This is an overview of how one might use the Linux DMA Engine to engage the mainline Xilinx driver for its FPGA IP block. https://forums.xilinx.com/xlnx/attachments/xlnx/ELINUX/13011/2/Linux-DMA-In-Device-Drivers.pdf
I found an example basically implementing that, I even see matching function names e.g. on PDF page 22 with the completion stuff. It is a little proxy driver in the kernel that bridges the Xilinx main driver to user space. What the example does is:
- allowing to set up one transfer with a scatter-gather list of just 1 element
- triggered from user space by a call to ioctl()

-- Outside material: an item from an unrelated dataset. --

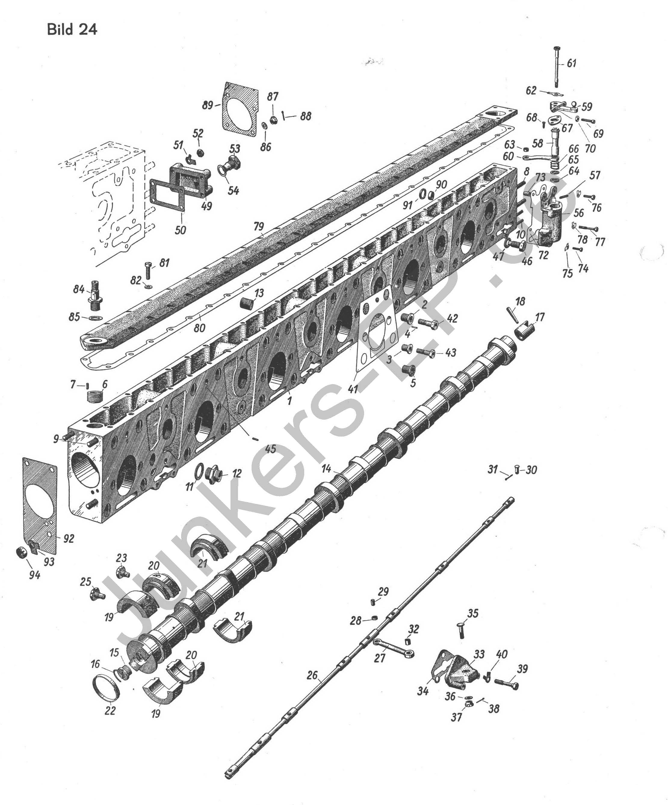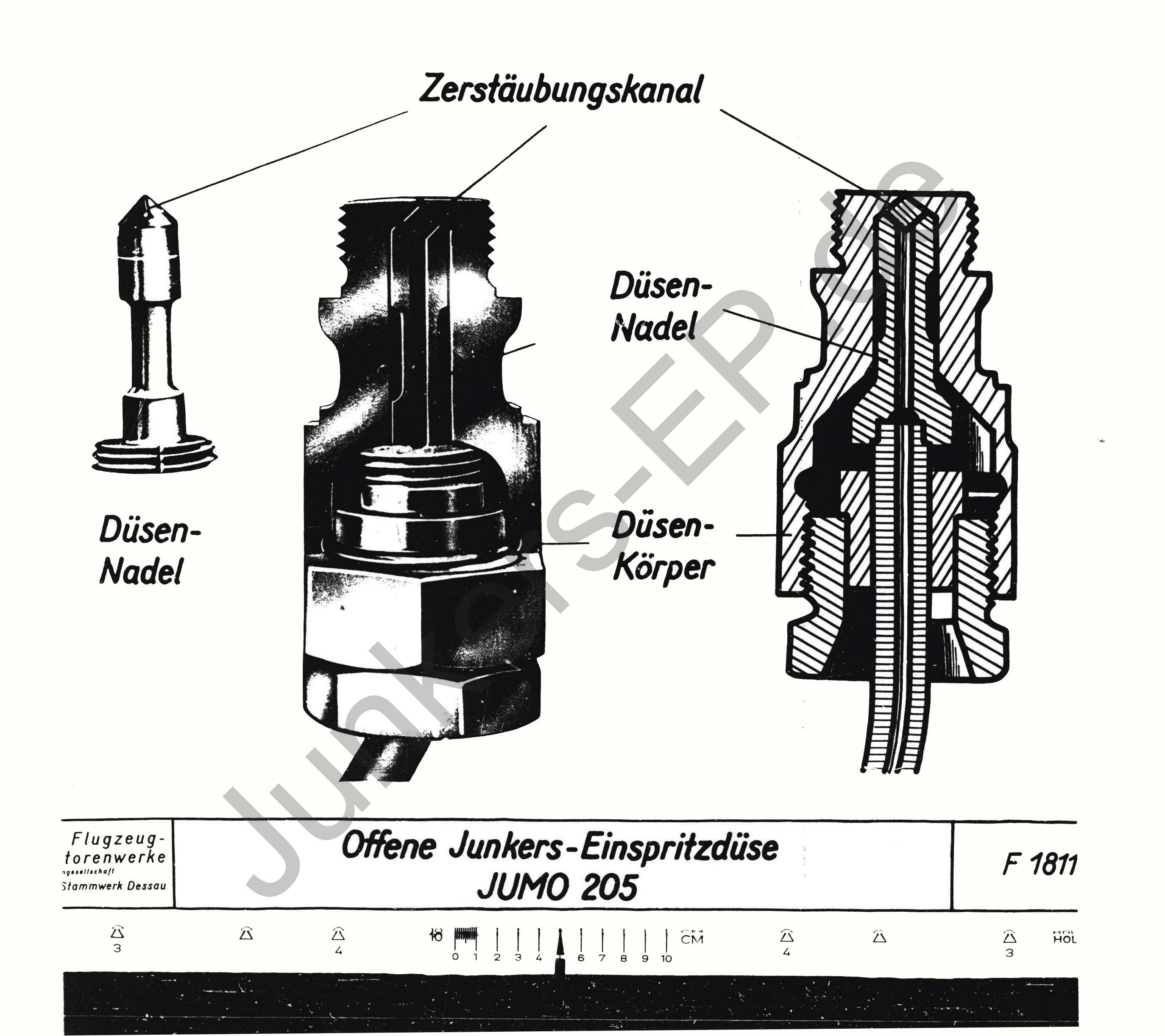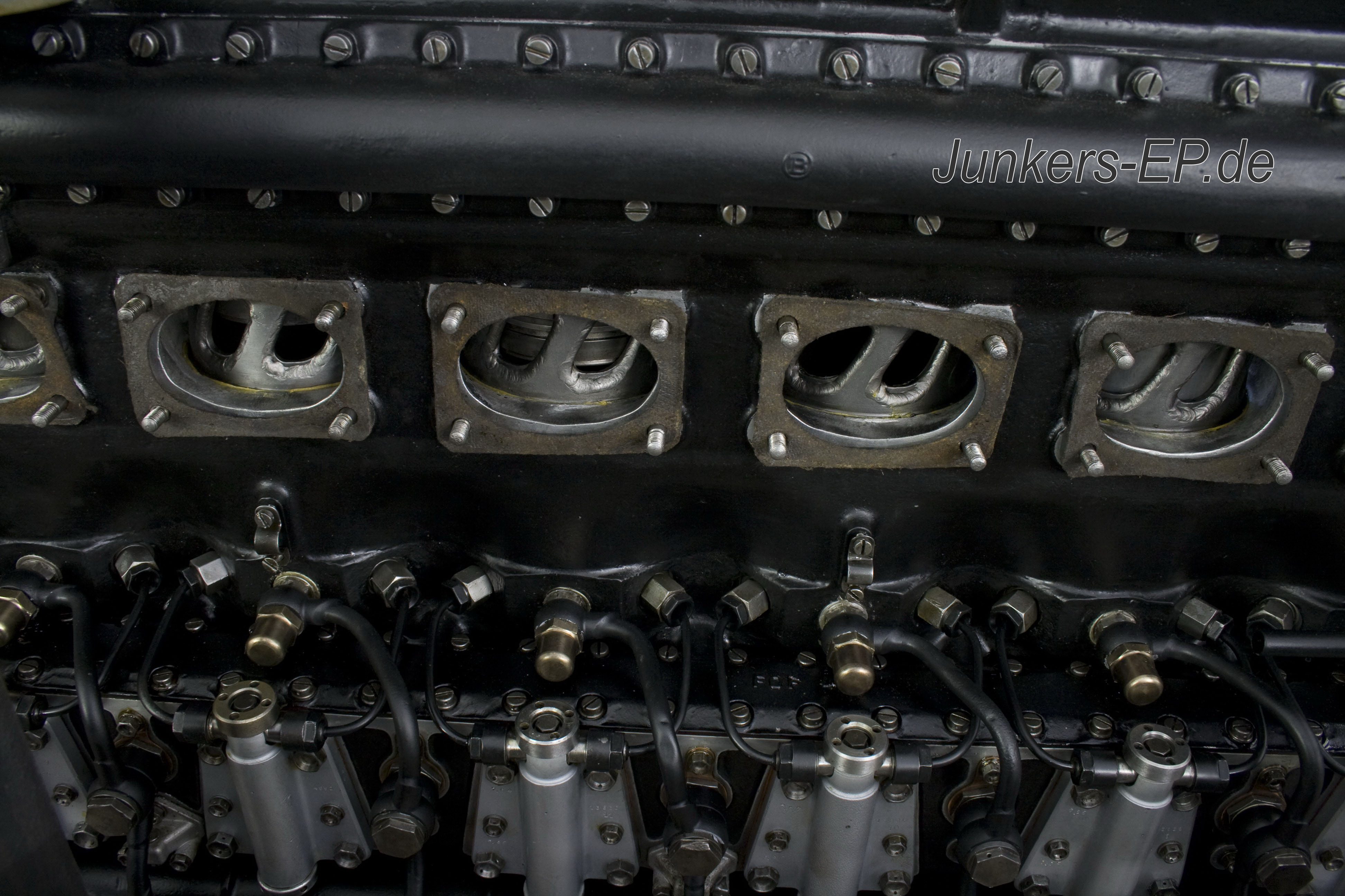 Nicht nur die Form ist außergewöhnlich, sondern auch das Prinzip das dahinter steckt. Zwei Kurbelwellen, die an der Vorderseite mit Zahnräder verbunden sind und somit den Gleichlauf beider Kurbelwellen garantieren. In einer Laufbüchse sind 2 Kolben, die aufeinander zulaufen (Gegenkolben-Prinzip). In der Mitte der Laufbüchse sind 5 Öffnungen, 4x für die Einspritzdüsen und eine Düse für Pressluft für den Startvorgang. Später wurde nicht mehr per Pressluft gestartet oder nur im Notfall und wurde durch einen Schrungkraftanlasser ergänzt oder ersetzt. Ab dem Jumo 205 D wurde nur noch über den Schwungkraftanlasser gestartet. Pro Laufbüchse gabe es 2 Einspritzpumpenlelemente, die 4 Einspritzdüsen mit Treibstoff versorgten. Die weiteren Erklärungen beziehen sich auf den Jumo 205 C4. In unserer heutigen Zeit sind wir es gewohnt, dass die Einspritzpumpe ein kompacktes Bauteil ist. Beim Jumo 205 hingegen haben wir 2 Bänke mit jeweils 6 Einspritzpumpenelemente, auf jeder Seite eine. Jede Bank hatte eine Nockenwelle und trieb somit 6 Einspritzpumpenelemente an. Ein weiteres besonderes Merkmal war das Gebläse (heute würden wir dazu mechanischer Lader nennen) und der Jumo besaß keine Ventile. Gesteuert wurden die Ein- und Auslaß über die Kolben, dazu waren die Kurbelwellen nicht ganz synchron miteinander. Die Kurbelwellen sind so eingestellt, dass der Auspuffkolben (oben) dem Spülkolben (unten) um 9° voraus eilt. Dadurch öffnet sich beim Arbeitstakt die Auspuffseite zuerst, um ein zurückschlagen der Auspuffgase in den Ansaugkanal zu verhindern. Jetzt kann das Spülgebläse den Zylinderraum durchspülen, derher der Name Spülgebläse. Beim Ansaugen der Luft wird zuerst die Auspuffseite geschlossen und mit dem Spülgebläse wird noch Luft in den Brennraum gepreßt. Die Einspritzung erfolgte 16° vor Volumentotpunkt (geringster Abstand zwischen den Kolben).

- it uses the DMA slave interface.
- after submitting a transfer and requesting DMAengine to process pending,
- waits for a completion to know the transfer to be over(that's apparently mapped to the Xilinx XDMA block's TLAST event)
I wonder now: what would be the "correct" way of implementing continuously running DMA transfer(s) from the FPGA DMA block to the Linux user space? Would it be feasible, assuming adquate buffer sizes for the speeds used, to keep the example driver in this way, i.e. that single transfers are triggered from user space, and that a double buffer is used, and while the DMAengine has been triggered for the next transfer ans is performing it, the buffer from the previous one is being processed from userspace?
So basically, a user-space loop of initiating single-tranfers within the kernel proxy driver using the DMAengine.
Or is something else necessary? I saw this: https://www.kernel.org/doc/html/latest/driver-api/dmaengine/provider.html
So. besides DMA_SLAVE, there is also DMA_CYCLIC. Cyclic kinda sounds like it is the thing to be used when doing continuous transfers. But I don't know what it's been designed for and the limits. It mentions "typically used for audio", well, it's more something like maybe 50 MB/s I'm looking for, which quite exceeds typical auio rates.
I did try my described naive "user space loop" approach, but only the first transfer (only reads from the FPGA) has a successful completion, thereafter I get timeouts,even though the FPGA apparently has further TLAST in store. I could imagine causes like timing issues, of e.g. having to do some specific thing at a pricise or close moment. Although I did try very low speeds of FIFO filling on the FPGA sides (like single digit Hz per buffer). I guess before I continue a possible dead-end out of a lack of knowledge, I'd like to hear from someone who knows: how is it supposed to be done?